There are so many areas of special librarianship that use the core skills you describe, but without the bad parts of public service. (I joke that while I don't have to deal with random crazy patrons, I see the same crazies everyday, because they're _my_ crazies. And they all have PhDs.) I am not in the above mentioned six figure salary world, but I am compensated well for the field. Think about Competitive Intelligence, Knowledge Management, or Records Management.

Like the above person who mentioned MeMail, please don't hesitate to contact me. I am on the board of our local SLA chapter, and would be happy to leverage any info from there that I could to help out.
posted by librarianamy at 11:12 AM on March 23, 2011 [2 favorites]

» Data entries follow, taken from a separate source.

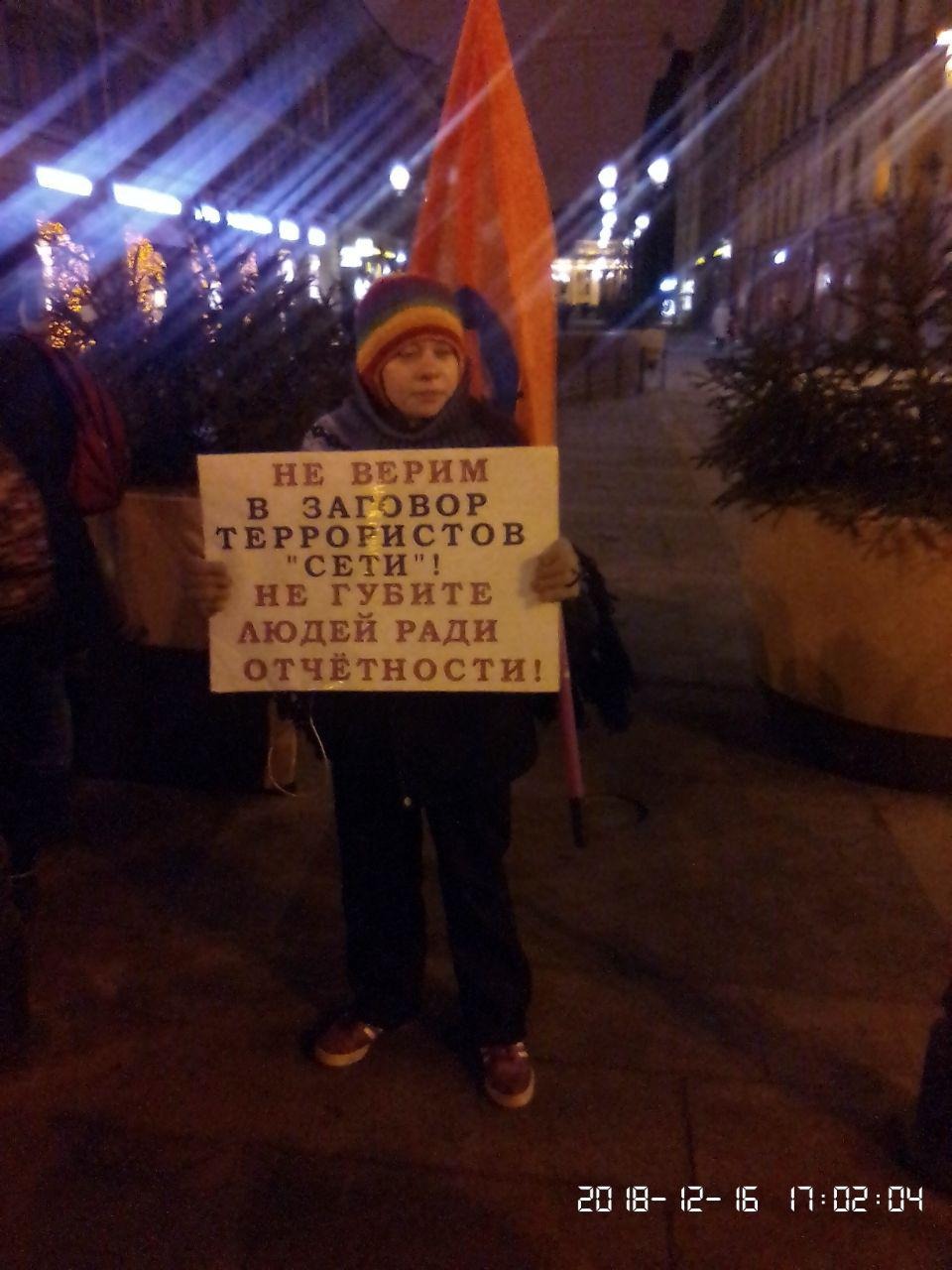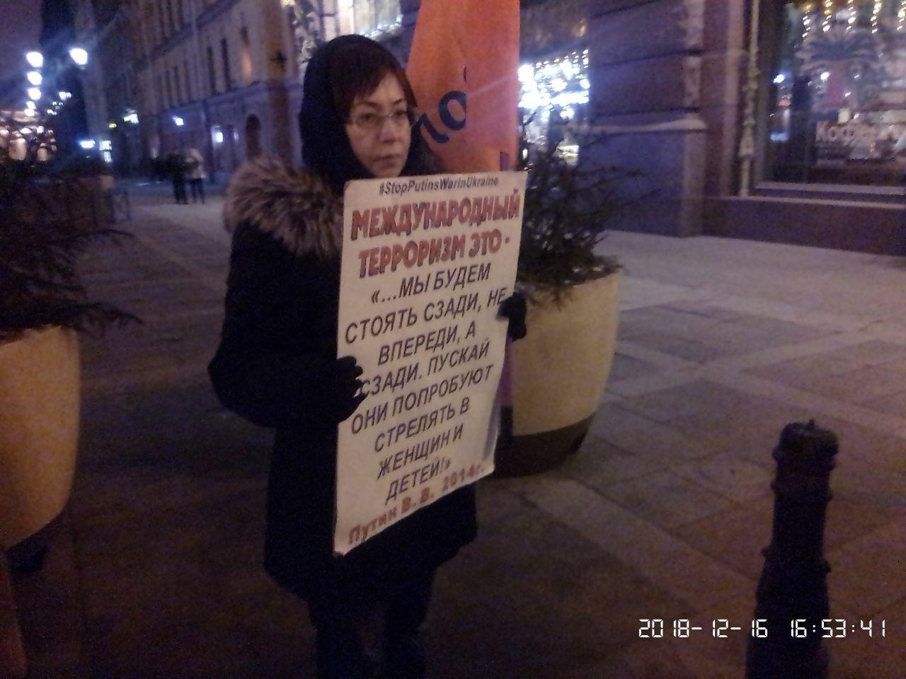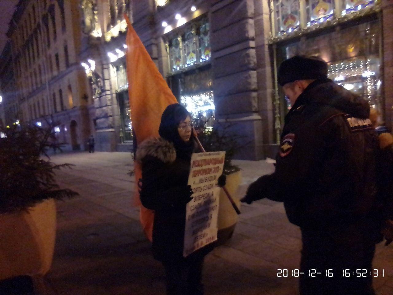 В Петербурге Александра Хмелева задержали во время одиночного пикета. Об этом ОВД-Инфо сообщила «Группа помощи задержанным».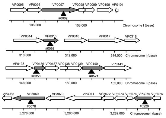 Map of Vibrio parahaemolyticus genes associated with the highly UVA-sensitive mutants. Arrows indicate open reading frames of V. parahaemolyticus genes. Arrow heads and gray arrows indicate mutant genes associated with high UVA sensitivity; the white arrows denote other genes with Ez-Tn5 DHFR-1-insertions.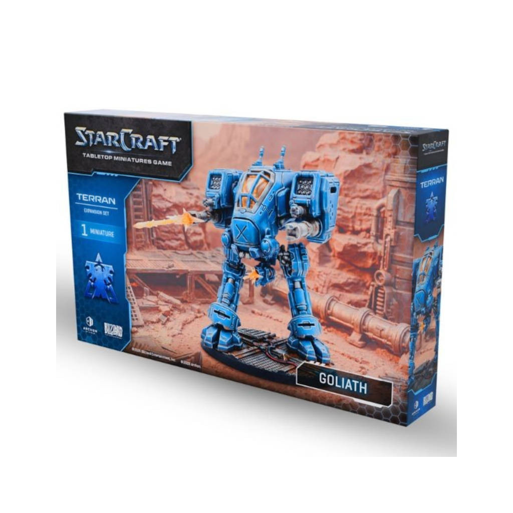 Présent dans la plupart des forces Terran, le Goliath de StarCraft, le jeu de figurines, est un puissant marcheur de combat piloté par un seul soldat. Conçu pour offrir une réponse polyvalente aux menaces du champ de bataille, il combine puissance de feu et précision grâce à son système d’armes lourdes assisté par ordinateur.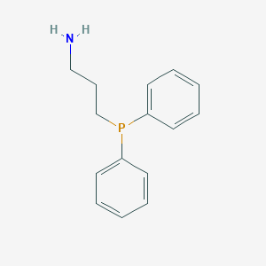 This compound, also known as (3-Aminopropyl)diphenylphosphine, is an organophosphorus compound that has emerged as a valuable ligand in inorganic and organometallic chemistry. Its unique structure, incorporating a trivalent phosphorus atom and a primary amine separated by a flexible propyl linker, allows it to act as a hemilabile P,N-chelating ligand. This dual functionality enables the formation of stable complexes with a variety of transition metals, influencing the steric and electronic environment of the metal center and thereby modulating its catalytic activity. The interplay between the soft phosphine donor and the hard amine donor is central to its utility in a wide range of chemical transformations, most notably in palladium-catalyzed cross-coupling reactions.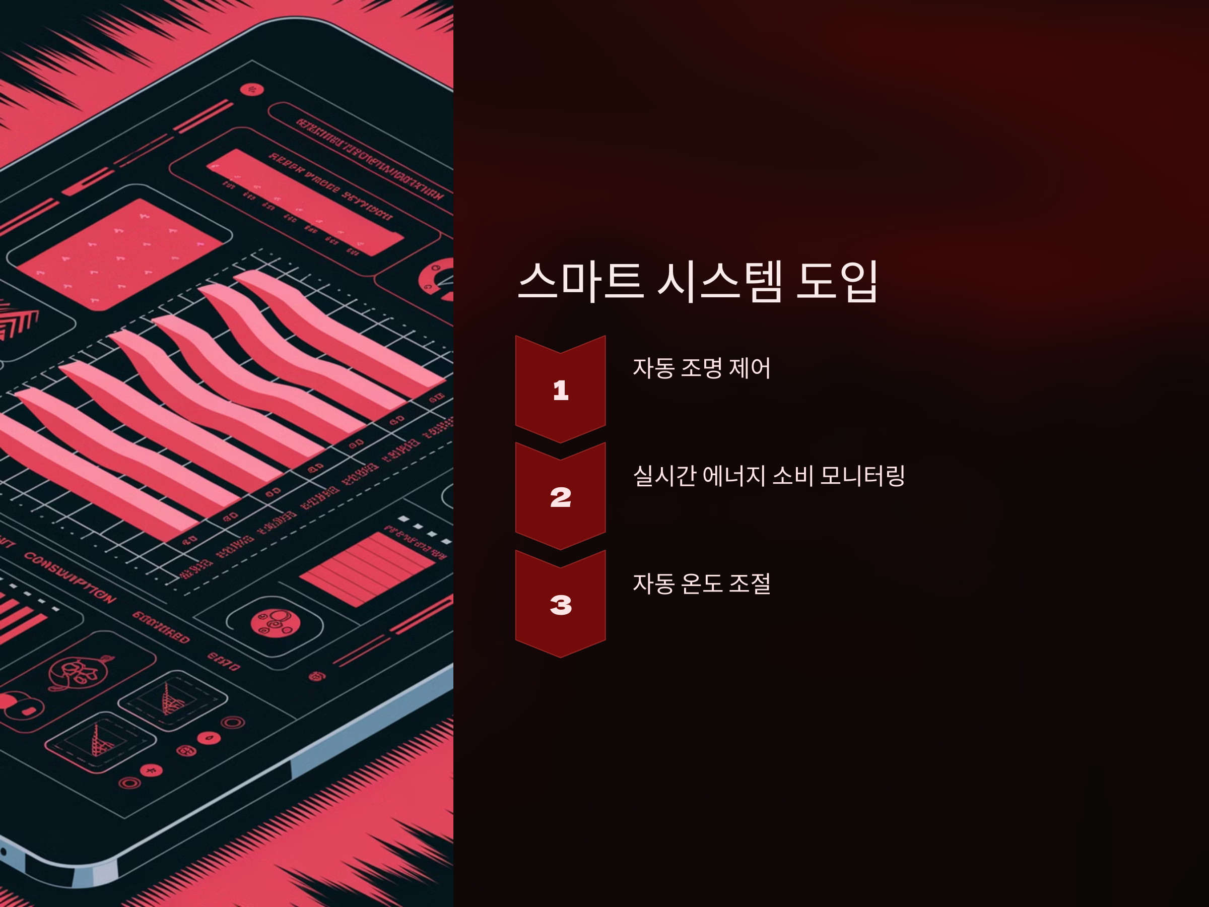 스마트 조명 시스템을 설치하면 건물 내 조명을 자동으로 제어할 수 있어 에너지 낭비를 줄일 수 있습니다. 예를 들어, 일정 시간 이후 자동으로 꺼지거나, 외부의 자연광에 맞춰 밝기를 조정하는 방식입니다. 또한, 에너지 절감 효과가 크므로 관리비 절감에 직접적인 영향을 미칩니다.
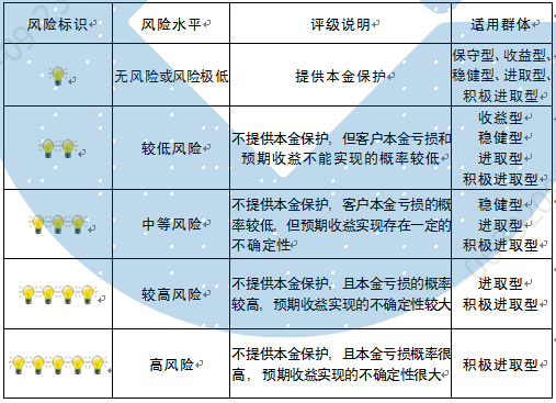本产品为非保本浮动收益型理财产品,不保证本金和收益,请您充分认识投资风险,谨慎投资。本期产品期限为366天(中国建设银行有权对产品进行展期或提前终止),存续期内,产品不接受申购或赎回申请。本期产品内部风险评级级别为三盏警示灯 ,风险水平属于中等风险。最不利情况下,您将损失全部收益甚至包括全部本金。本理财产品适用于稳健型、进取型 、积极进取型客户。

(I could have written this question).

Do you want out of librarianship entirely, or do you want to parlay those skills into a different field? I would suggest checking out What Color is Your Parachute if you want to assess transferrable skills. Like Anima Mundi, I am looking into IA/usability design.
posted by sugarbomb at 2:14 PM on March 23, 2011 [1 favorite]


Broader in scope than "corporate librarian" is the Special Libraries Association. They have conferences, local chapters, and a career center. You might get some ideas from them about directions to consider.
posted by exphysicist345 at 8:24 PM on March 23, 2011 [1 favorite]


I too am a corporate librarian at a Fortune 500 company, and am willing to take questions by MeMail.

I won't deny that there's a part of me that would like to work in a public library—one of the things that appealed to me about librarianship was the chance to be a generalist, and here I've ended up being fairly specialized after all. (Maybe that's why I spend so much time on AskMe, to scratch that itch.) But I work with/for intelligent people whom I like, I get paid much better than I would in a public library, and I don't work nights or weekends.
posted by DevilsAdvocate at 7:18 AM on March 24, 2011 [1 favorite]


Give an Academic Library a try, specially at a bigger state university or a good private college.